Proposal: Durable, Low-Cost Electric Vehicle with Solar Panel and Battery Cooling System

The proposed solution aims to develop a highly durable and cost-effective electric vehicle (EV) capable of long-distance travel at a nominal speed. This EV would accommodate up to four passengers and an additional load of 100 kg. It incorporates a solar panel and a dynamo to enable passive charging of the battery and other appliances, reducing battery drain. Furthermore, the vehicle includes a low-power-consuming battery coolant system that maintains optimal battery temperature even when the vehicle is parked or halted.

Environmental Problems:
The overuse of fossil fuels is a significant environmental challenge in the 21st century. The automotive industry, a major consumer of fossil fuels, contributes to pollution and poses a threat to global well-being. Electric vehicles offer a solution by reducing reliance on fossil fuels, but challenges remain.

Economic Problems:
While electric cars have been proposed as a solution, their economic viability in countries with varying economic barriers is a concern. Foreign firms may not consider economic variations and local requirements, prioritizing their own profits and growth over regional needs.

Implementation Problems:
Extreme climates, particularly in hot countries, pose implementation challenges for electric vehicles. Lithium-ion batteries, commonly used in EVs, can be highly flammable and dangerous in both hot and cold conditions. These temperature constraints limit the widespread adoption of electric vehicles.

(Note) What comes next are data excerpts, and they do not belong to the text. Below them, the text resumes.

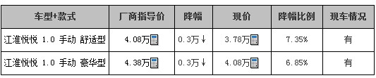 搜狐汽车编辑从江淮汽车某4S店了解到,目前江淮悦悦店内有少量现车销售,现金优惠3000元。颜色有白色、红色等。若预订,订金2000元,提车需等2周左右。对该车感兴趣的网友可到店详询。
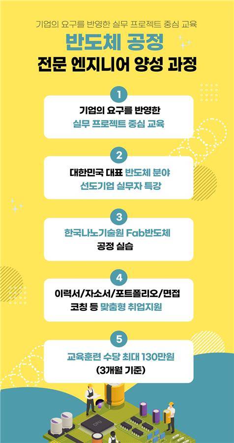 양성과정은 오는 7월 20일부터 10월 25일까지 약 3개월간 총 30여 명의 교육생을 대상으로 운영한다. 교육은 반도체 산업 및 직무, 반도체 공정, 반도체 장비 등에 대해 이론과 실무 중심으로 진행한다. 참여 희망자는 7월 13일까지 경기도미래기술학교 홈페이지를 통해 온라인 접수하면 된다.
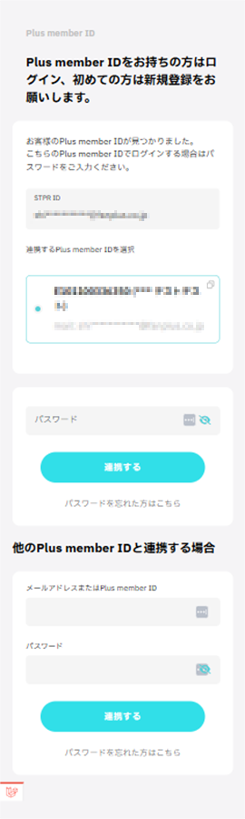 内容を確認後、Plus member IDのパスワードを入力し「連携するボタン」をクリック
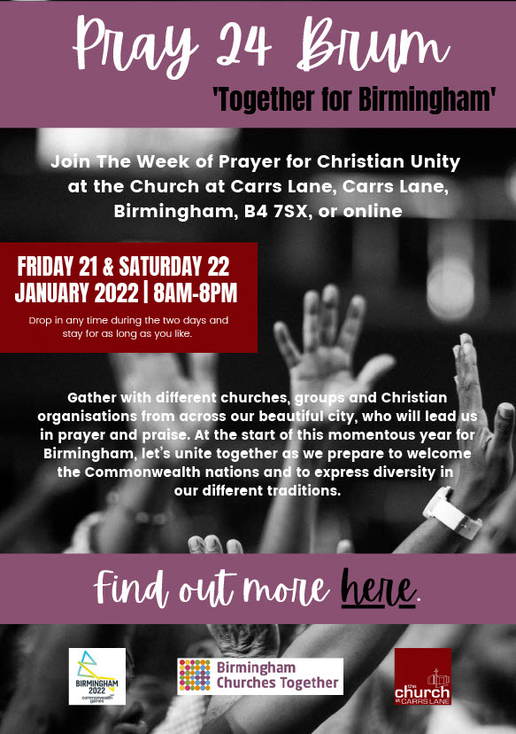 Maud Grainger from Birmingham Churches Together shares her reflections on #Pray24Brum Over the 19th and 20th of January, Christians came together to create a canopy of prayer over the city of Birmingham and beyond. Over 24 hours different traditions led an hour of prayer to those gathered in St Philip’s Cathedral and to those joining … Read more

To address these problems, the proposed methodology focuses on redesigning the electric car model:

Solving the Environmental Issues:
The solution integrates a solar charging unit and a dynamo directly into the EV's body, eliminating the need for electricity generated from fossil fuels. An efficient battery charging system maintains a steady battery level, allowing for reliance on renewable resources without harming the environment.

Solving the Economical Issues:
To reduce costs without compromising passenger safety, the design incorporates a 24V actuator system instead of using induction motors. This system provides sufficient power, speed, and torque, with the ability to carry additional loads up to 500 kg. A 36V BLDC motor can also be implemented, meeting user speed expectations with a payload capacity of 500-800 kg.

Solving the Post-Implementation Problems:
A unique battery cooling system, based on the Peltier effect, ensures 24/7 protection by maintaining an optimal temperature range of 20-30°C. This system uses low electricity periodically and utilizes water as a coolant circulating around the battery cover, preventing dangerous battery overheating.

Future research directions include enhancing safety features, improving the Battery Management System, and developing an autonomous driving system. Further exploration focuses on making the battery management system self-sufficient or minimizing its reliance on external power sources. Additionally, improving the efficiency of the motor control system and dashboard control system are important aspects of ongoing research.

This research offers a comprehensive methodology to address the identified problems, including environmental concerns through the use of electric vehicles, while also tackling implementation and economic barriers. By adopting this research, we can pave the way for the widespread adoption of electric vehicles and contribute to a sustainable transportation future.